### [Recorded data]
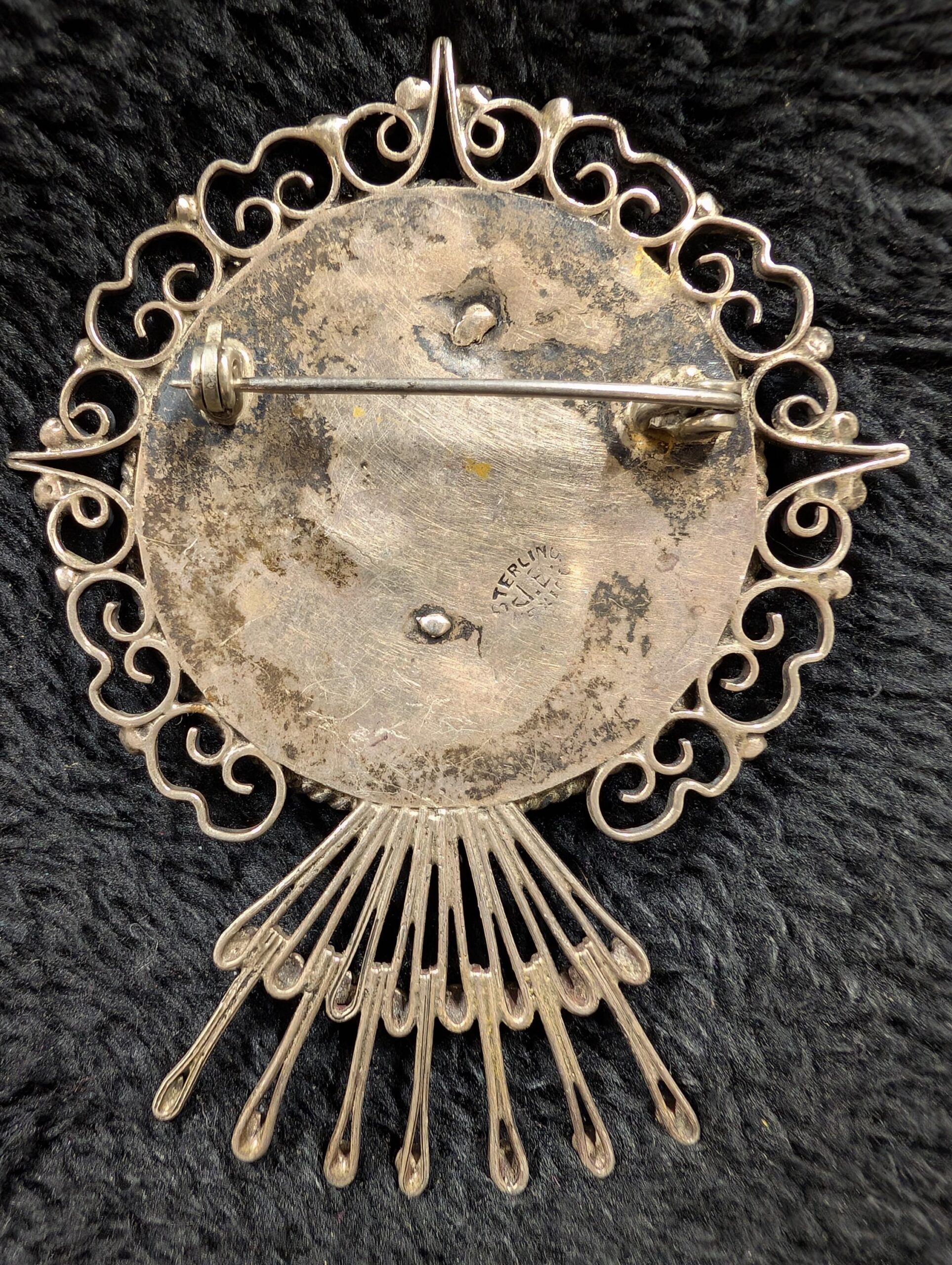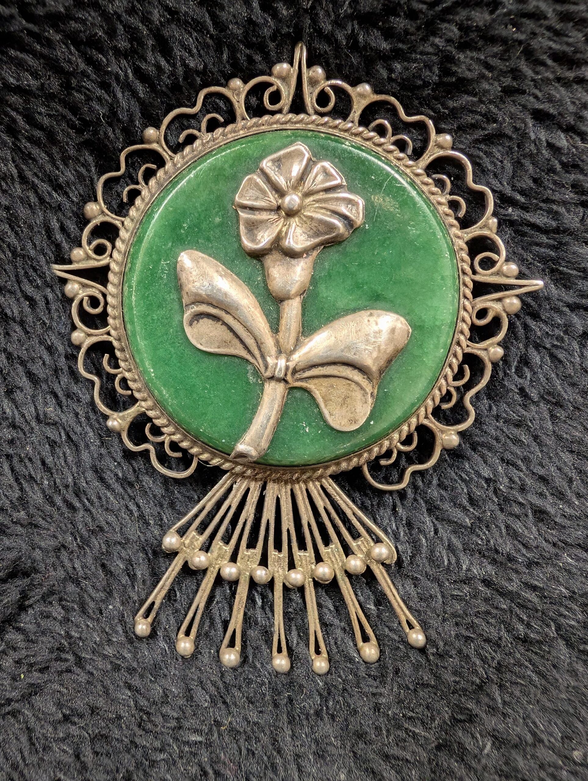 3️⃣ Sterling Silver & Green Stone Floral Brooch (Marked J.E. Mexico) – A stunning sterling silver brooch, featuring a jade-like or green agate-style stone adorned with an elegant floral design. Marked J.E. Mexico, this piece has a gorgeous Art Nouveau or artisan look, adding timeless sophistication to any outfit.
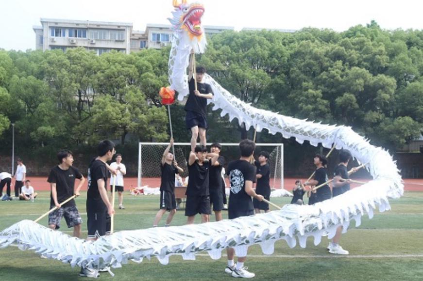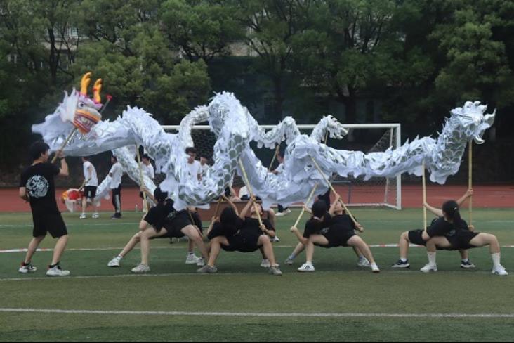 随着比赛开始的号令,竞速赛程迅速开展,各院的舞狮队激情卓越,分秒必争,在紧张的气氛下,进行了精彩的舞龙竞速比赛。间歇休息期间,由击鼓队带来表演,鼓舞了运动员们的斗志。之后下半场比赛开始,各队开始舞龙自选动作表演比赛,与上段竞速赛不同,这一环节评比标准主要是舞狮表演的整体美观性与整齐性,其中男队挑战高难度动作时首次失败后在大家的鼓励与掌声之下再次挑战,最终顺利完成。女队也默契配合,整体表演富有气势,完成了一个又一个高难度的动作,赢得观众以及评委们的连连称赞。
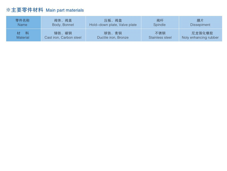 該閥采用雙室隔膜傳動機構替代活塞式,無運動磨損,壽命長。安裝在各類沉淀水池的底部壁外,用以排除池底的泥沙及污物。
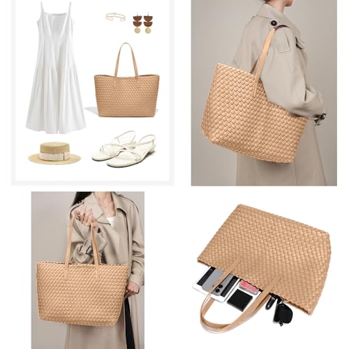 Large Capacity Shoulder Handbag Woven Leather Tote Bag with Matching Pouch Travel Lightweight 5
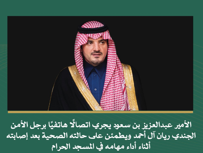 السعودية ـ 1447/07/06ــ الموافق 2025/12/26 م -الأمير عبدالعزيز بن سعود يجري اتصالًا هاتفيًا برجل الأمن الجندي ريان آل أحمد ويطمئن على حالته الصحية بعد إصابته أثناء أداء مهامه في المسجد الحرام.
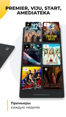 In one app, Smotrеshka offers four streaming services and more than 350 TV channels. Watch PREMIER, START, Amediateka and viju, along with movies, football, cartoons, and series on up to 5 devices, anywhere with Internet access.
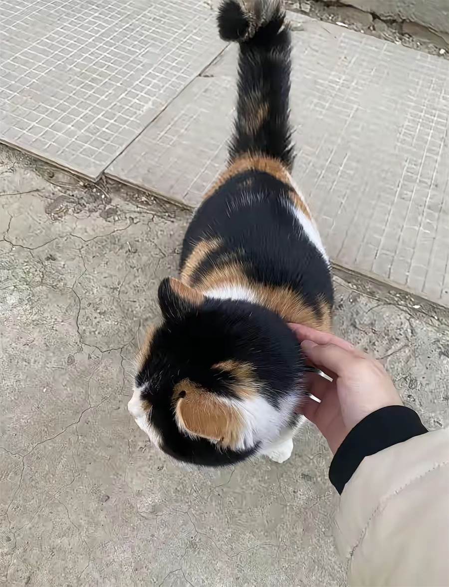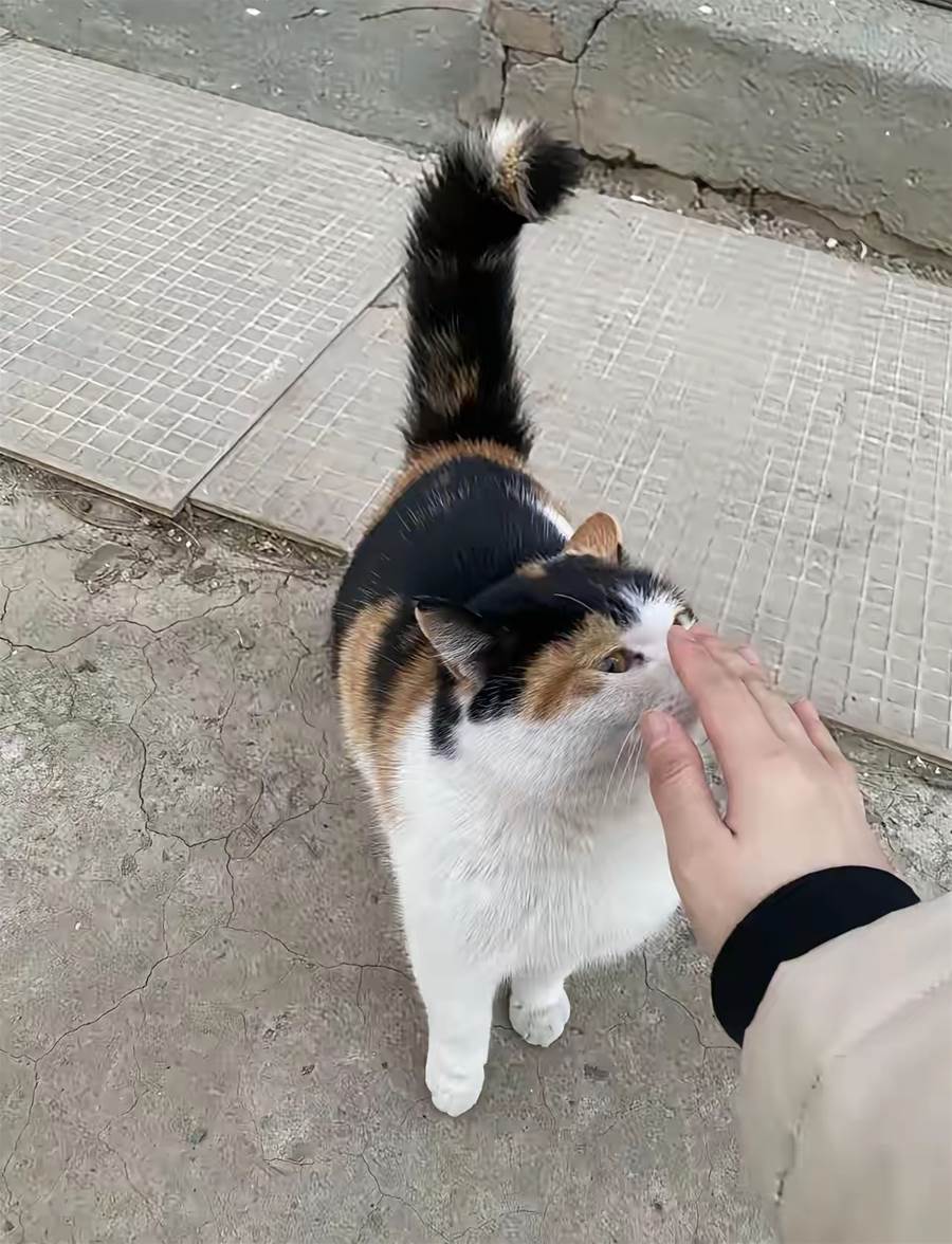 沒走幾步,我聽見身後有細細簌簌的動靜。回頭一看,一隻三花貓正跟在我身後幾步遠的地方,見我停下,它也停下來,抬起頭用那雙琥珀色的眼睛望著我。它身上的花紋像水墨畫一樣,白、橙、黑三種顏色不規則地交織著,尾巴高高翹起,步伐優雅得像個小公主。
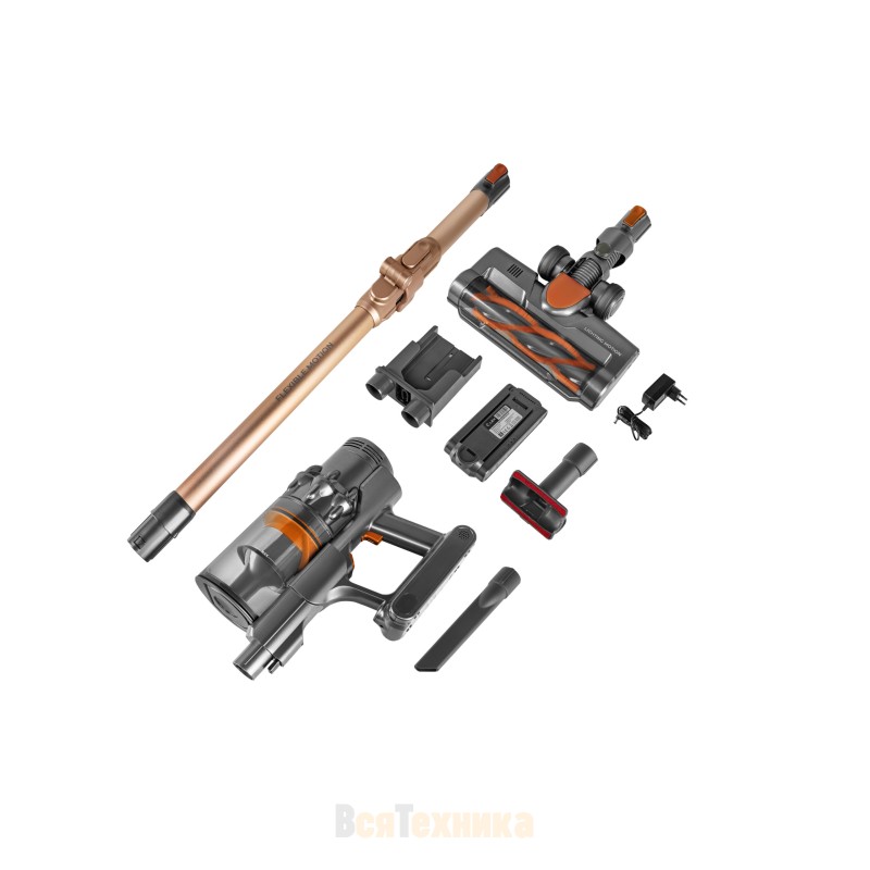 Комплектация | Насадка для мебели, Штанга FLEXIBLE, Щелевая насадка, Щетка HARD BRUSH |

### [Task brief]
The answer must be the lines above, word for word, from the first one through the line with "Large Capacity Shoulder", pictures excluded.

### [Output]
 3️⃣ Sterling Silver & Green Stone Floral Brooch (Marked J.E. Mexico) – A stunning sterling silver brooch, featuring a jade-like or green agate-style stone adorned with an elegant floral design. Marked J.E. Mexico, this piece has a gorgeous Art Nouveau or artisan look, adding timeless sophistication to any outfit.
 随着比赛开始的号令,竞速赛程迅速开展,各院的舞狮队激情卓越,分秒必争,在紧张的气氛下,进行了精彩的舞龙竞速比赛。间歇休息期间,由击鼓队带来表演,鼓舞了运动员们的斗志。之后下半场比赛开始,各队开始舞龙自选动作表演比赛,与上段竞速赛不同,这一环节评比标准主要是舞狮表演的整体美观性与整齐性,其中男队挑战高难度动作时首次失败后在大家的鼓励与掌声之下再次挑战,最终顺利完成。女队也默契配合,整体表演富有气势,完成了一个又一个高难度的动作,赢得观众以及评委们的连连称赞。
 該閥采用雙室隔膜傳動機構替代活塞式,無運動磨損,壽命長。安裝在各類沉淀水池的底部壁外,用以排除池底的泥沙及污物。
 Large Capacity Shoulder Handbag Woven Leather Tote Bag with Matching Pouch Travel Lightweight 5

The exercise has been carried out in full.